What it means
آجر (âjor) means brick, specifically the rectangular fired clay block used in construction. Persian borrowed this word from Arabic آجُرّ (ājurr), which itself came through Classical Syriac ܐܲܓܘܼܪܵܐ from Akkadian agurru, meaning fired brick. Unlike raw mud brick, called خشت (khesht), آجر refers to kiln-fired brick that is hardened and durable. This distinction matters in Persian because both materials were used extensively in different types of buildings throughout Iranian history.
How to use it
- دیوار رو با آجر چیدن. (divâr ro bâ âjor chidan.) “They built the wall with bricks.”
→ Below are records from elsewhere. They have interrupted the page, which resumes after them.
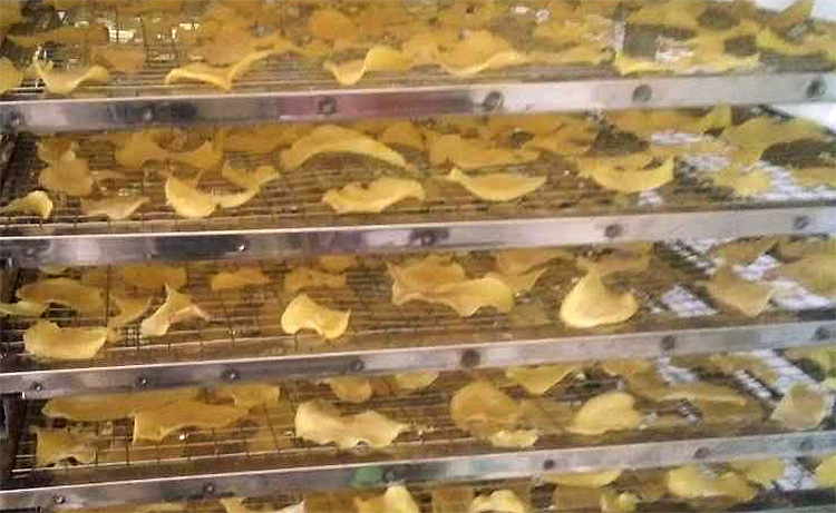 土豆容易氧化,如果采用太陽晾曬,極易氧化,導致干燥的土豆片外觀質(zhì)量欠缺,不滿足市場對土豆片的高品質(zhì)要求。再加上露天晾曬,干燥效率低,受天氣影響大,并且容易遭受灰塵污染以及蠅蟲叮咬,難以保證食品安全。
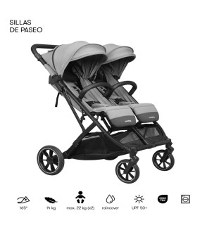 La silla de paseo gemelar Tour Twin Max ofrece comodidad y seguridad para tus peques, con asientos reclinables y ruedas todoterreno. Ideal para paseos en familia, es muy ligera y fácil de maniobrar.
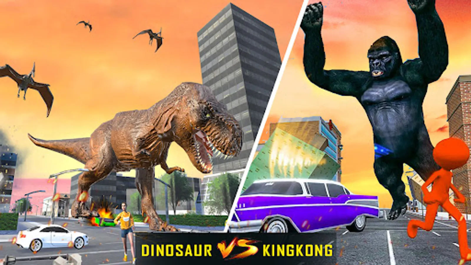 The rampage dinosaur destruction of the action gorilla fighting game has given rise to the city battle between the Kong Gorilla and angry dino rampage.
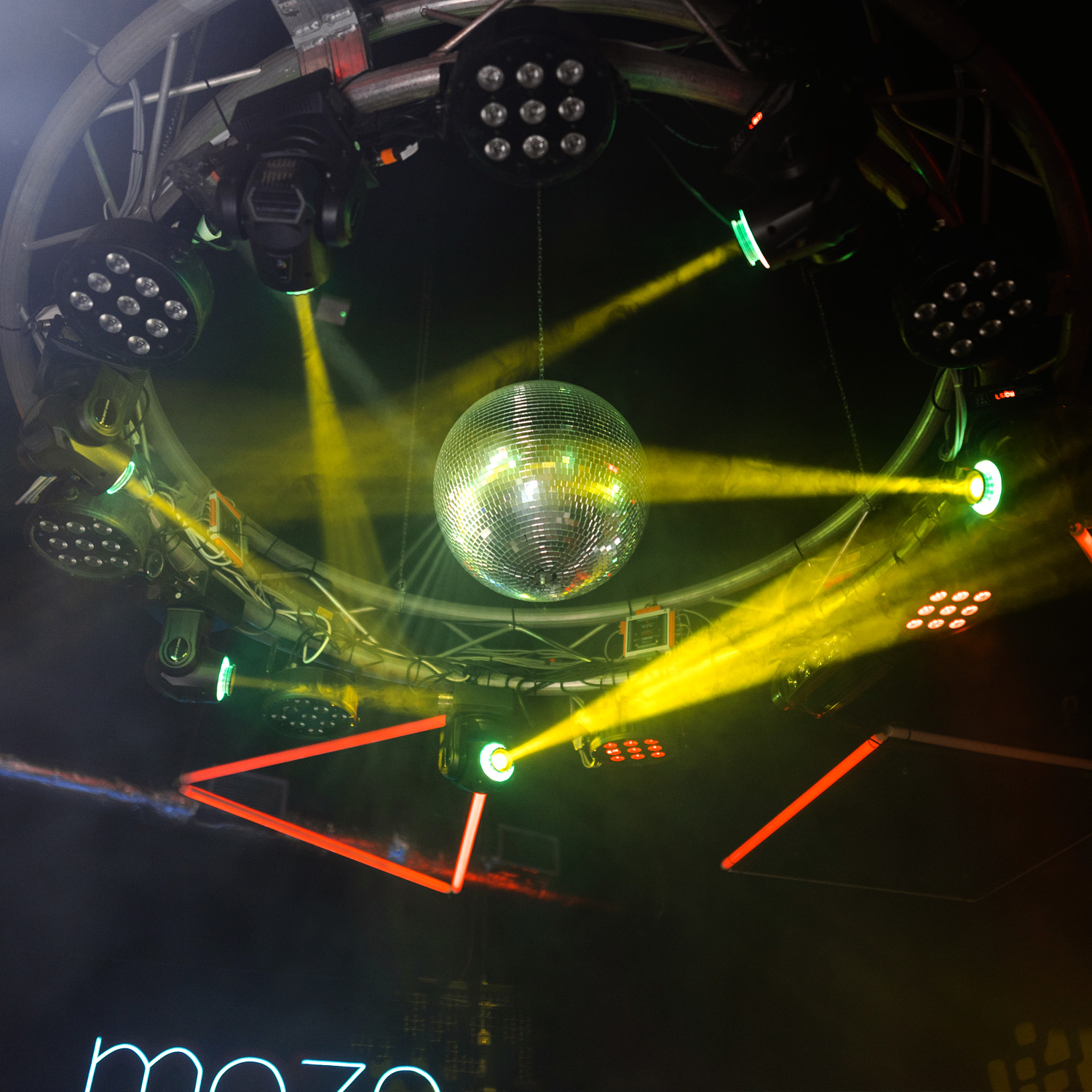 Um den bestmöglichen Effekt zu erzielen, sind die Spiegelfacetten auf 10x10mm geschnitten und nahezu lückenlos verklebt. Dadurch wird möglichst viel auftreffendes Licht reflektiert und in Strahlen aufgebrochen. Das ergibt den legendären Diskoeffekt, der bis heute nichts an Attraktivität verloren hat.
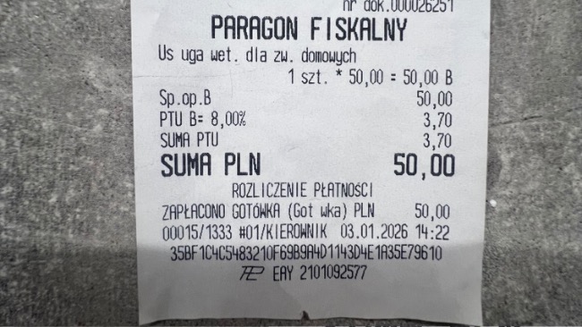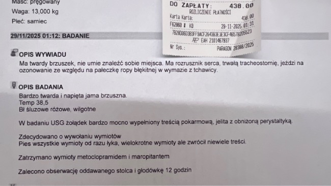 Wizyta była konieczna m.in. dlatego, że Paco ma wszczepiony rozrusznik, stałą tracheostomię i niedawno przechodził ozonoterapię z powodu pałeczki ropy błękitnej znalezionej w wymazie z tchawicy — w jego przypadku nawet pozornie „zwykłe” wymioty mogą szybko stać się groźne.
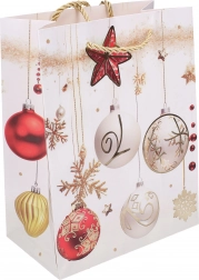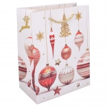 Štýlová vianočná darčeková taška vo veľkosti M poteší praktickým formátom 26 × 32 × 10 cm a modernými sviatočnými motívmi. Ideálna na rýchle a elegantné balenie darčekov. K dispozícii sú 4 varianty dizajnu na dokonalé zladenie s obsahom. Pevný materiál a praktické ucho zaistia jednoduché a bezpečné prenášanie.
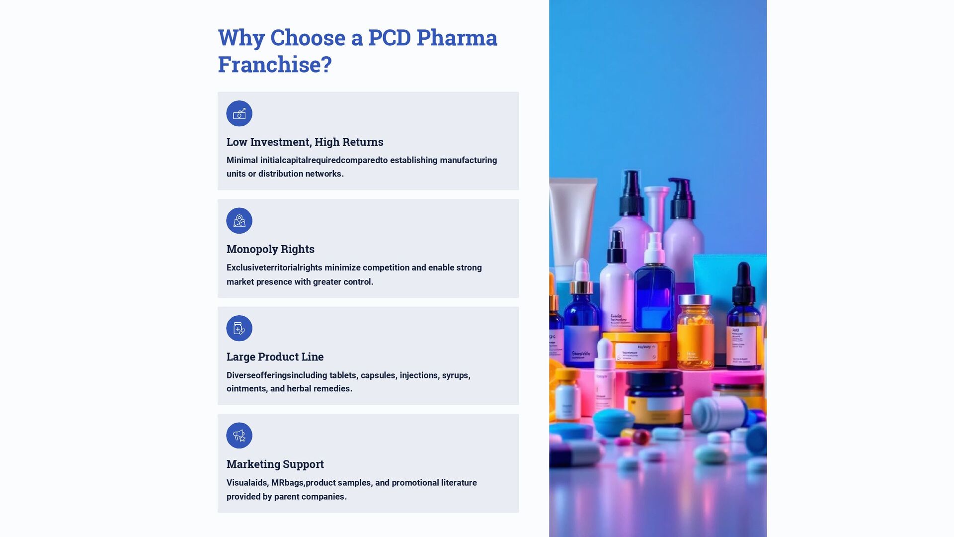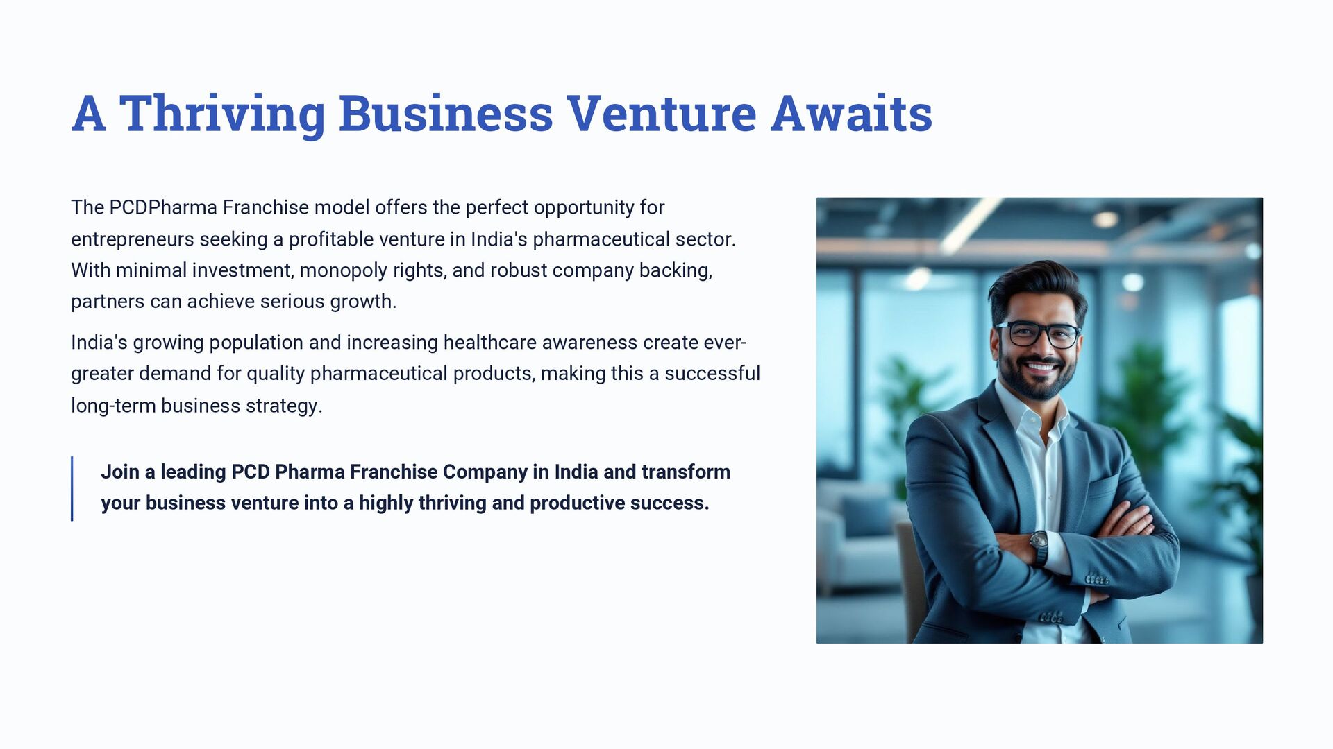 the perfect opportunity for entrepreneurs seeking a profitable venture in India's pharmaceutical sector. With minimal investment, monopoly rights, and robust company backing, partners can achieve serious growth. India's growing population and increasing healthcare awareness create ever- greater demand for quality pharmaceutical products, making this a successful long-term business strategy. Join a leading PCD Pharma Franchise Company in India and transform your business venture into a highly thriving and productive success.
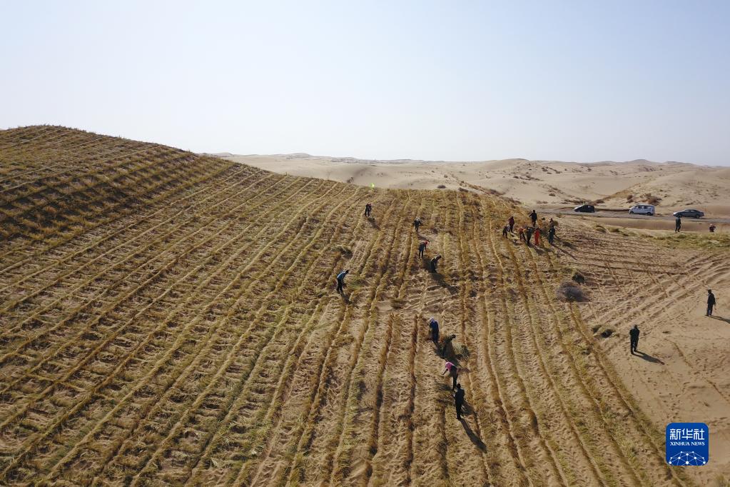 在甘肅省武威市古浪縣北部沙區(qū)旱麻崗治沙點(diǎn),八步沙林場(chǎng)治沙人和群眾一起扎草方格壓沙(2020年3月6日攝,無(wú)人機(jī)照片)。新華社記者 范培珅 攝
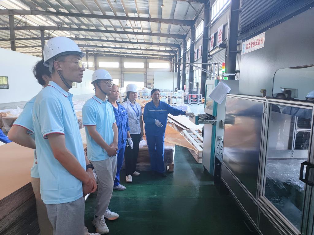 在实地考察环节,团队在相关负责人的引导下,进入工厂车间进行参观见习,从原料到光伏玻璃成品的打包,全过程的观察让团队深感高度自动化的光伏玻璃生产线的先进性。团队成员将课本上的理论知识与实际生产环节相结合,对相关知识有了更深的理解,同时也更加了解材料行业并且明确了职业规划方向。
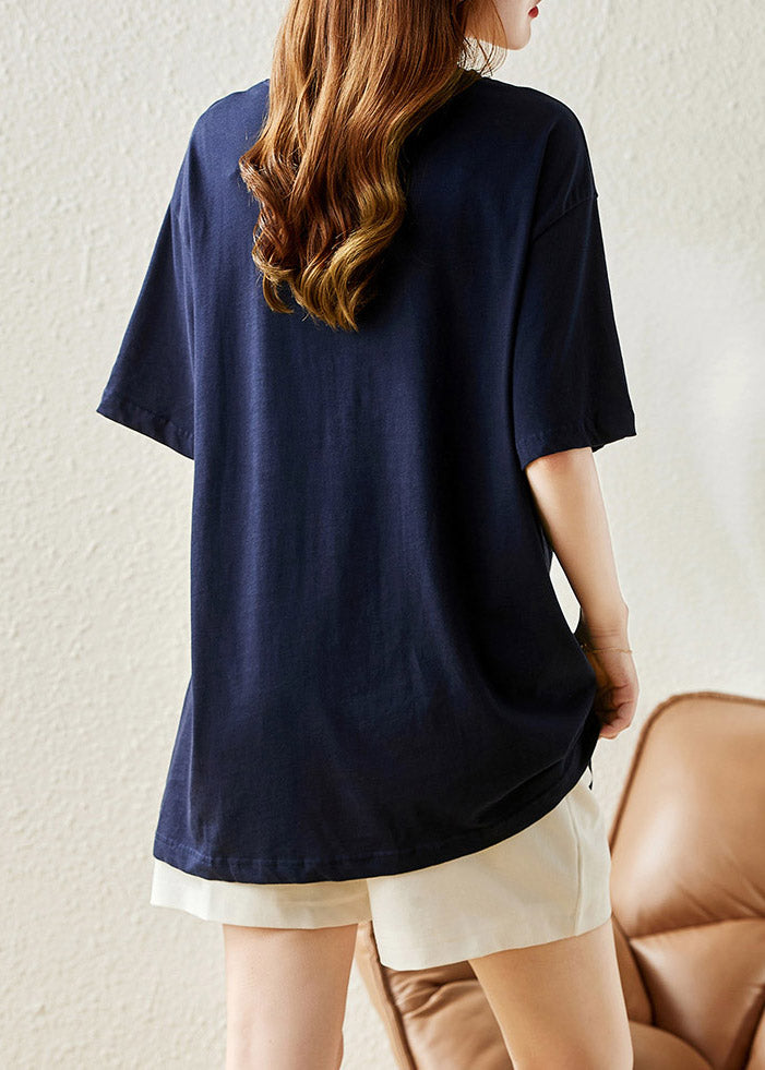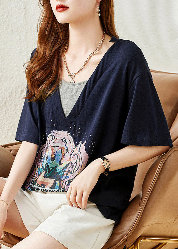 Loose Navy V Neck Print Cotton T Shirt Summer

- این خونه آجریه. (in khune âjoriye.) “This house is built of brick.”
- آجرا رو روی هم گذاشت. (âjorâ ro ru-ye ham gozâsht.) “He stacked the bricks on top of each other.”
- رنگ آجرای قدیمی خیلی قشنگه. (rang-e âjorâ-ye ghadimi kheyli ghashange.) “The color of old bricks is very beautiful.”
Cultural note
Iran has one of the oldest brick-making traditions in the world. The Ziggurat of Choghazanbil, built around 1250 BCE in what is now Khuzestan, used millions of sun-dried and fired bricks, many still stamped with the name of the king who ordered them. In the Islamic period, Persian craftsmen elevated plain brick into a decorative art, using geometric brickwork patterns on minarets and domes that became a hallmark of Iranian architecture from the Seljuk era onward.